Bu kanununun korumasından aile içi şiddete maruz kalan eş ve çocuklar ile aynı çatı altında yaşayan diğer aile bireyleri, tek taraflı ısrarlı takip mağdurları, mahkemece ayrılık kararı verilen veya yasal olarak ayrı yaşama hakkı olan ya da evli olmalarına rağmen fiilen ayrı yaşayan aile bireyleri faydalanabilmektedir. Bu nitelendirmeyi dikkate alarak “tek taraflı ısrarlı takip” ifadesinin altını çizmek istiyorum. Tek taraflı ısrarlı takip, bir kişiye karşı gerçekleştirilen ve bu kişinin kendisinin tehlikede olduğunu hissettirecek şekilde korkmasını sağlayan ve kasıtlı olarak tekrarlanan her türlü davranış olarak tanımlayabiliriz. Yani bu kanun sadece aile içi şiddeti değil, her türlü şiddeti kapsamaktadır. Bu kanuna göre şikayet veya ihbarda bulunabilecekler ise; şiddete uğrayan kişi veya şiddeti duyan, gören, tanık olan kişilerdir.
Tedbir kararı ilk defasında en fazla altı ay için verilebilir. Fakat süre devam ederken veya süre bittikten sonra, şiddet veya şiddet uygulama tehlikesinin devam edeceği anlaşılırsa, resen, korunan kişinin ya da bakanlık veya kolluk görevlilerinin talebi üzerine tedbirlerin süresinin veya şeklinin değiştirilmesine, bu tedbirlerin kaldırılmasına veya aynen devam etmesine karar verilebilir.
TEDBİR KARARINA UYULMAZSA NE OLUR?
Tedbir kararına uyulmaması durumunda; şiddet uygulayan ya da uygulama ihtimali bulunan kişi, üç günden on güne kadar zorlama hapsi ile cezalandırılabilir. Tedbir kararının gereklerine aykırılığın her tekrarında, zorlama hapsinin süresi on beş günden otuz güne kadardır. Söz konusu ceza paraya çevrilemez, ertelenemez. Yani aldığınız tedbir kararlarına şiddet uygulayan uymak zorundadır. Uymaması durumunda hapis cezası gibi ağır bir yaptırımla karşılaşacaktır.

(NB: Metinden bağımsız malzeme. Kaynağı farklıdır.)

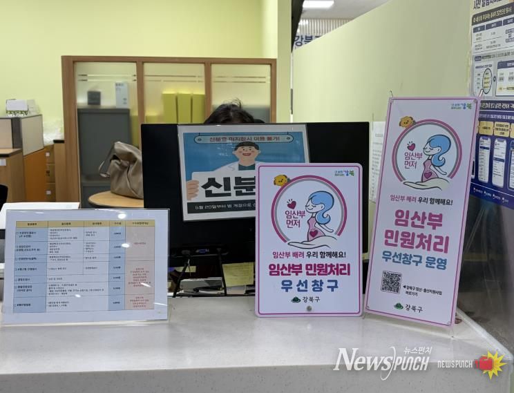 뉴스펀치 박상훈 기자 | 서울 강북구는 관내 주요 민원실에 임산부 우선창구를 마련하고, 대기 없이 즉시 서비스를 이용할 수 있도록 임산부 프리패스 서비스를 본격적으로 제공한다.
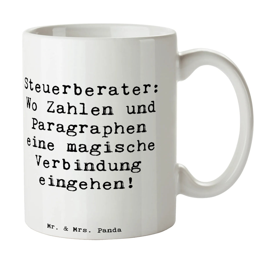 Entdecke die perfekte Tasse für Steuerberater in der wunderbaren Kollektion von Mr. & Mrs. Panda! Diese stilvolle Kaffeetasse mit ihrem einzigartigen Spruch "Steuerberater: Wo Zahlen und Paragraphen eine magische Verbindung eingehen!" ist nicht nur ein praktisches Accessoire, sondern auch ein liebevolles Geschenk für alle, die im Bereich Steuern arbeiten. Egal, ob du selbst Steuerberater bist oder einem lieben Kollegen, Freund oder Familienmitglied eine Freude machen möchtest – diese Tasse ist genau das richtige Geschenk!
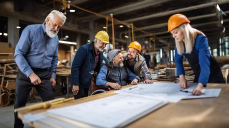 Fachleute in der Fertigung besprechen technische Zeichnungen und arbeiten gemeinsam am Projekt.
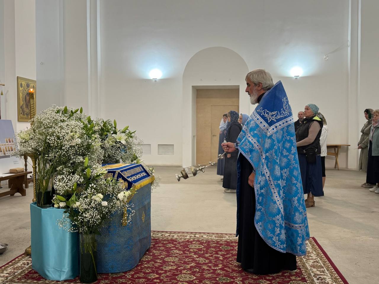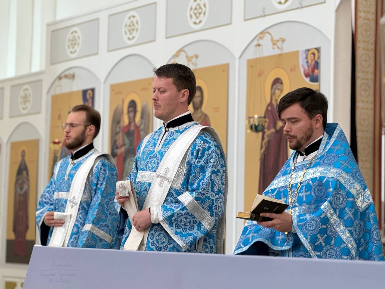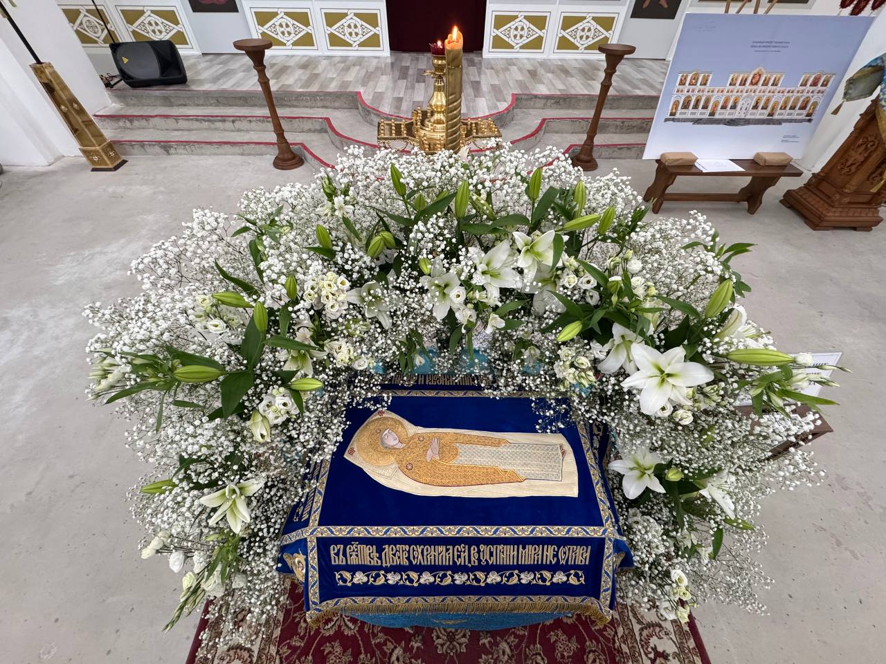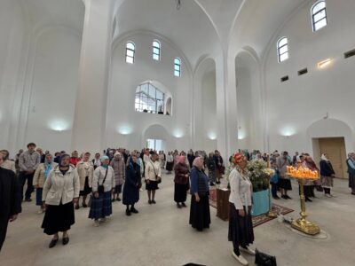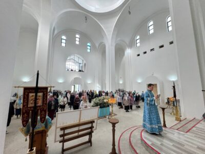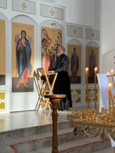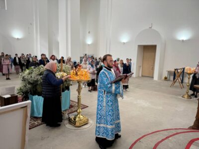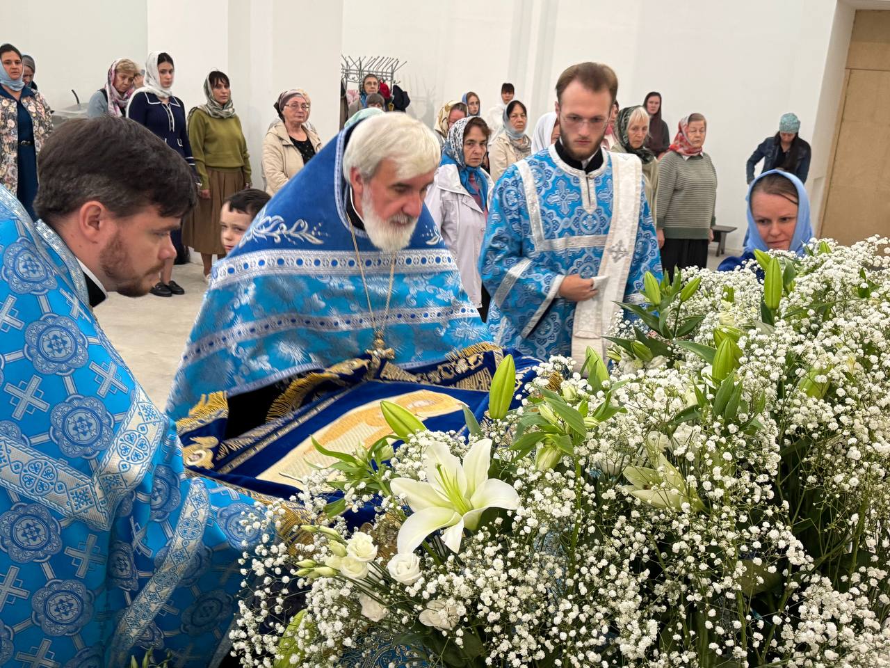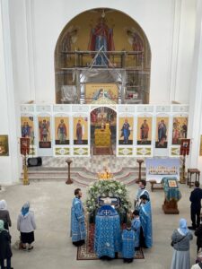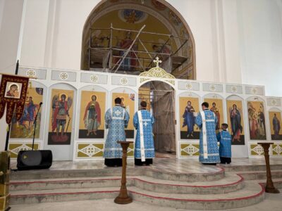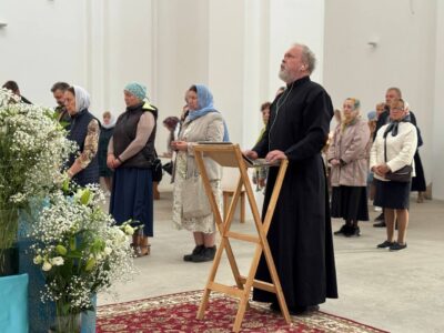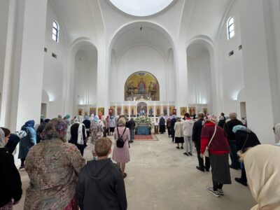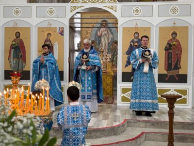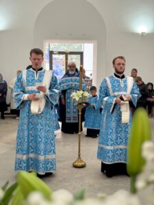 28 августа 2025 года, в праздник Успения Пресвятой Владычицы нашей Богородицы и Приснодевы Марии, Божественную литургию в строящемся храме Всемилостивого Спаса совершил настоятель храма протоиерей Михаил Подолей. Его Высокопреподобию сослужили иерей Константин Подолей, диаконы Эмануил Кричфалуший и Николай Борисов.
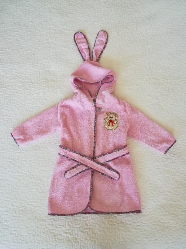 Махровий халатик рожевого кольору. На спинці вшита резиночка. Зав'язується на поясок, зверху гудзичок.
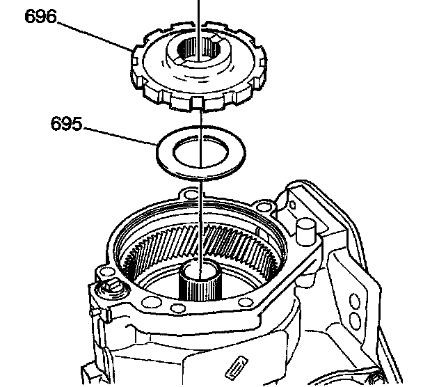 19. Remove the parking gear (696) and the parking gear thrust bearing (695).

Şiddet gören kişinin bir avukattan profesyonel yardım alması, hem yanlış veya eksik bir işlem yapmanın önüne geçecek hem de dosyanın hızlı yoldan sonuçlanmasını sağlayacaktır. Şayet şiddet gören kişi bir avukata ihtiyaç duyuyorsa ve ekonomik durumu elverişli değilse, bulunulan yerdeki baro dosyayla ilgilenmesi için ücretsiz olarak bir avukat görevlendirir. Şiddet sorunuyla mücadele eden birçok kadın olduğunu ve yalnız olmadığınızı unutmayın. Barolar, kadın dernekleri ve birçok insan gönüllü olarak şiddet mağduru insanlara yardım etmektedir. Gördüğünüz şiddet karşısında susmayın tepki verin. Yalnız değilsiniz.
En doğru bilgiyi size her zaman avukatınızın vereceğini unutmayın.